## Every degree n extension of a field F is embedded in the set of nxn matrices over F

Let $F$ be a field, and let $K$ be an extension of $F$ of finite degree.

1. Fix $\alpha \in K$. Prove that the mapping ‘multiplication by $\alpha$‘ is an $F$-linear transformation on $K$. (In fact an automorphism for $\alpha \neq 0$.)
2. Deduce that $K$ is isomorphically embedded in $\mathsf{Mat}_n(F)$.

Let $\varphi_\alpha(x) = \alpha x$. Certainly then we have $\varphi_\alpha(x+ry) = \alpha(x+ry) = \alpha x + r \alpha y$ $= \varphi_\alpha(x) + r \varphi_\alpha(y)$ for all $x,y \in K$ and $r \in F$; so $\varphi_\alpha$ is an $F$-linear transformation. If $\alpha \neq 0$, then evidently $\varphi_{\alpha^{-1}} \circ \varphi_\alpha = \varphi_\alpha \circ \varphi_{\alpha^{-1}} = 1$.

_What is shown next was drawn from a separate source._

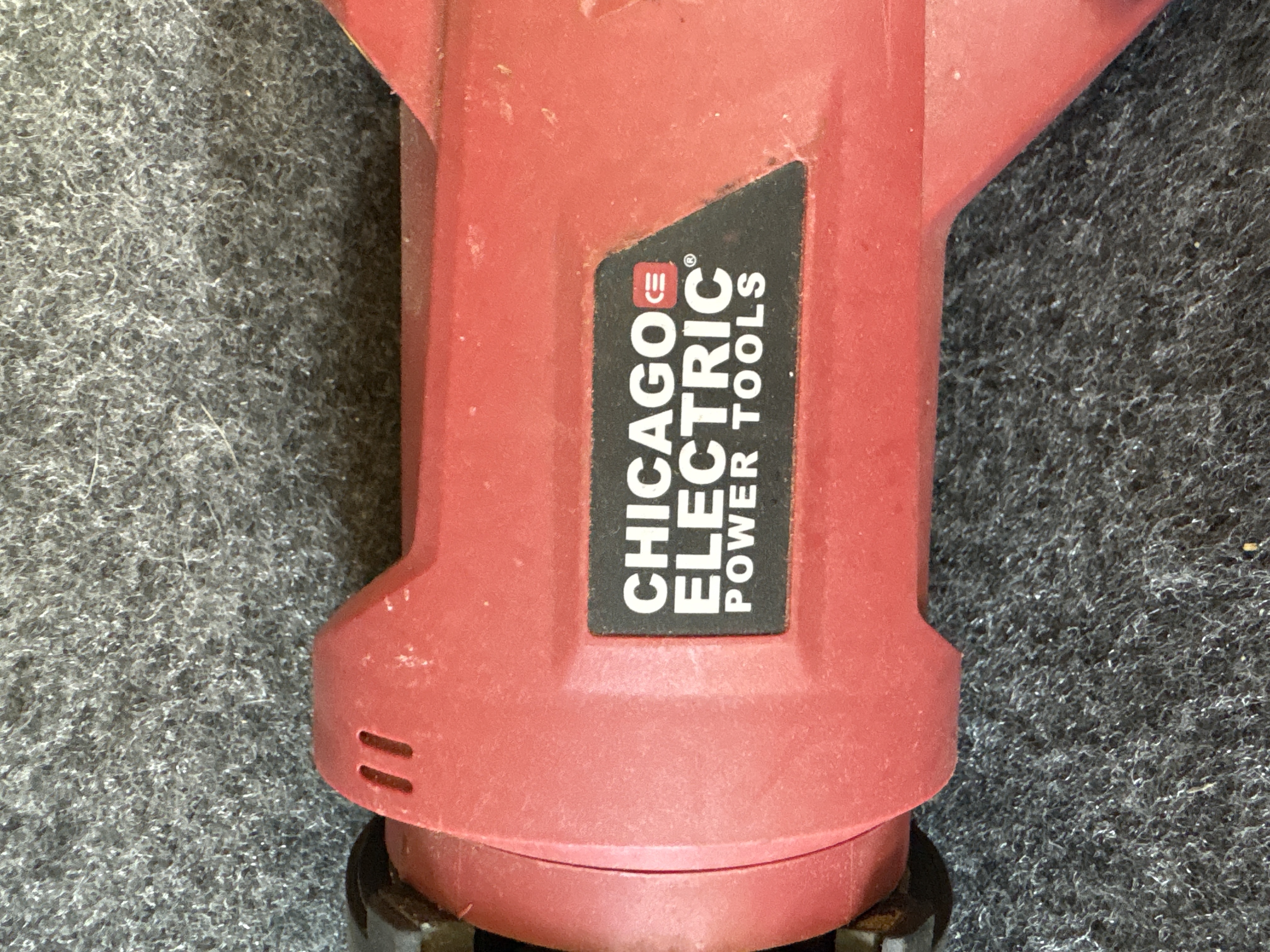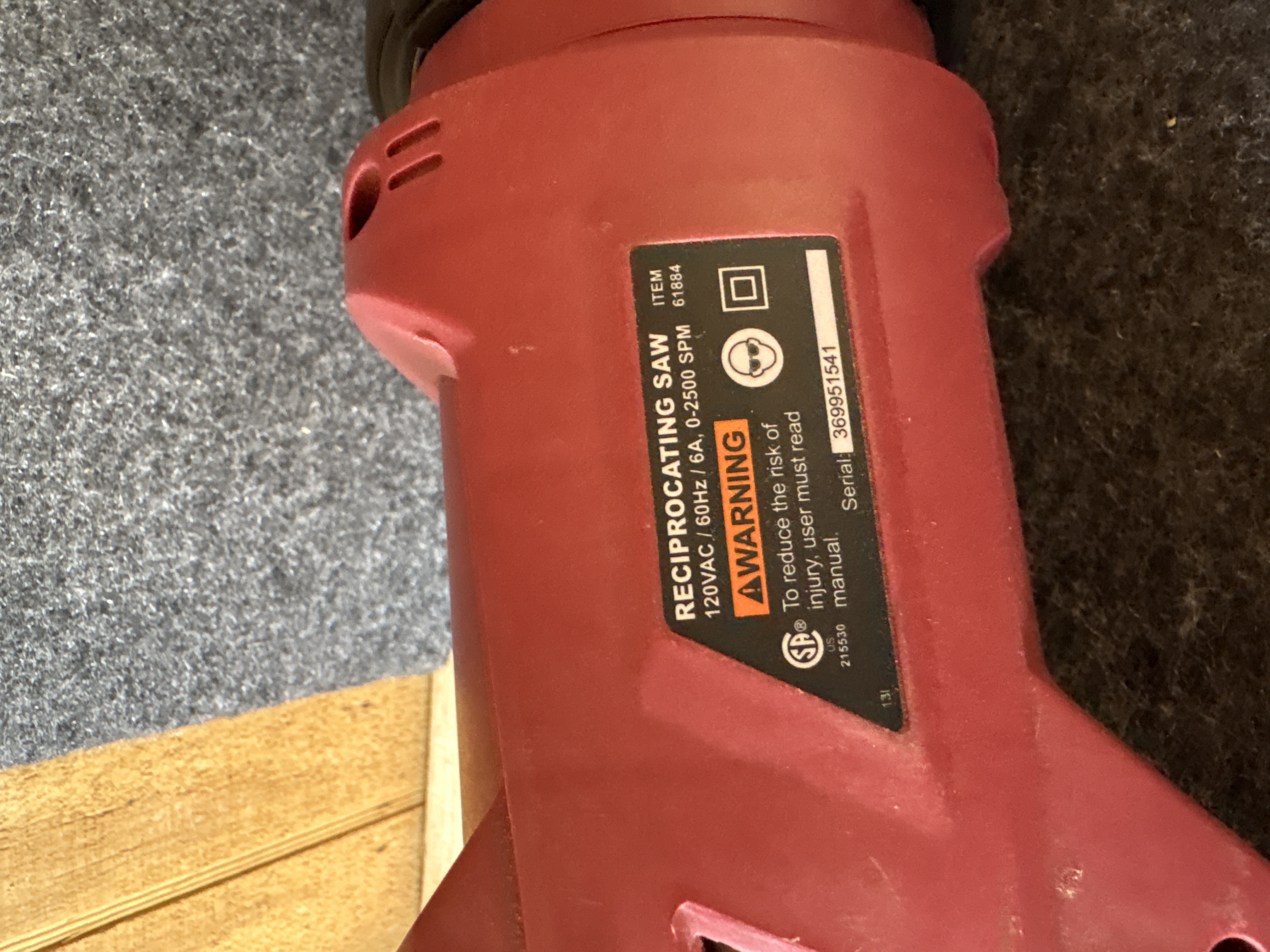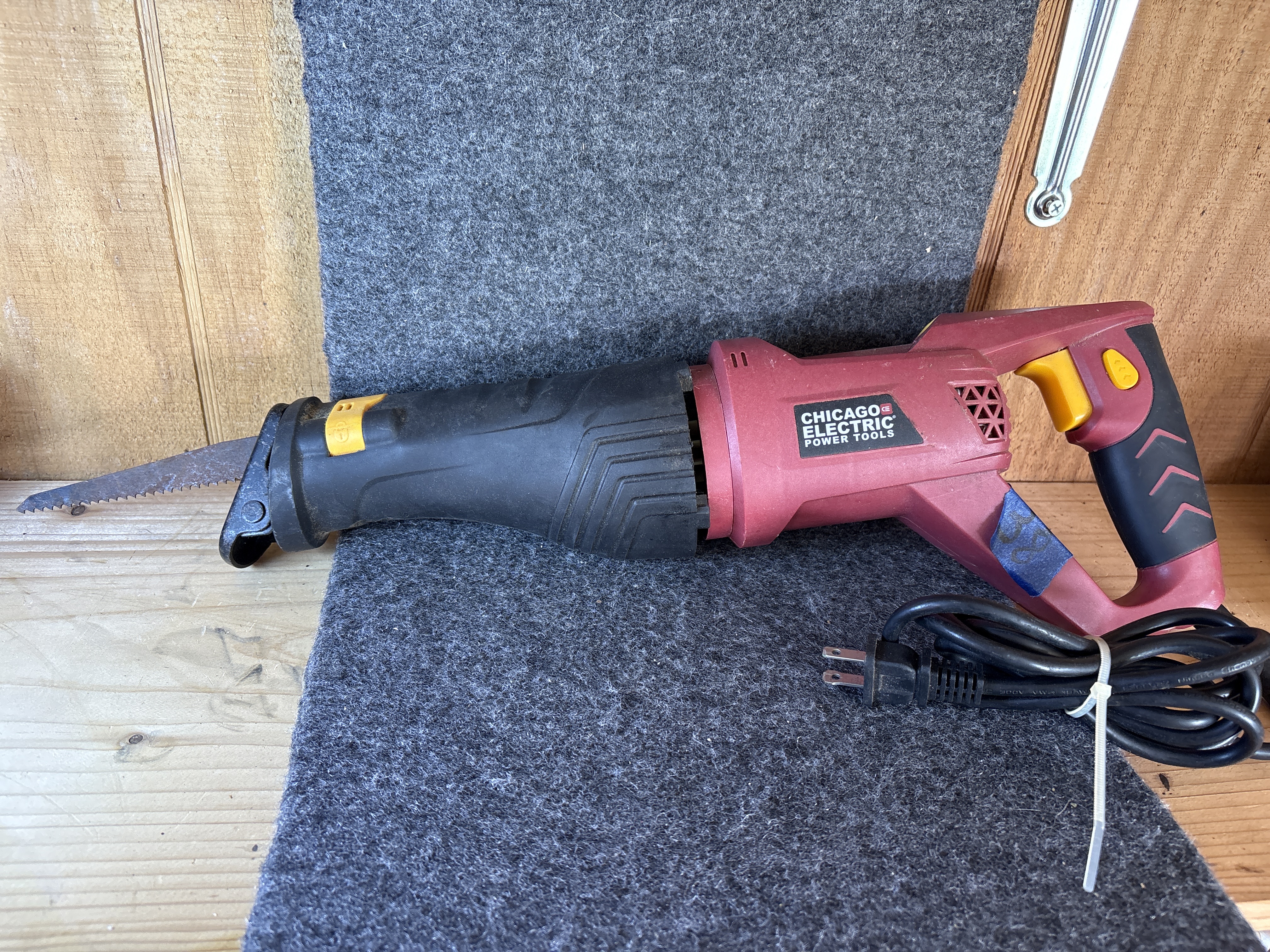 This is a Chicago Electric Power Tools corded reciprocating saw, item number 61884. The tool is equipped with a 6A motor designed for 120VAC operation, providing a variable speed range of 0-2500 strokes per minute (SPM). The housing is constructed of red and black plastic and features a rotating handle design. A manufacturer label is visible on the side of the tool body, which includes the serial number 369951541 and relevant electrical specifications. The unit has an integrated power cord that is currently bundled with a white plastic zip-tie. A single metal saw blade is installed in the chuck. This item is a loose tool and does not include original packaging, manuals, or additional accessories.

Fix a basis for $K$ over $F$; this yields a ring homomorphism $\Psi : K \rightarrow \mathsf{Mat}_n(F)$ which takes $\alpha$ and returns the matrix of $\varphi_\alpha$ with respect to the chosen basis. Suppose $\alpha \in \mathsf{ker}\ \Psi$; then $\varphi_\alpha(x) = 0$ for all $x \in K$, and thus $\alpha = 0$. So $\Psi$ is injective as desired.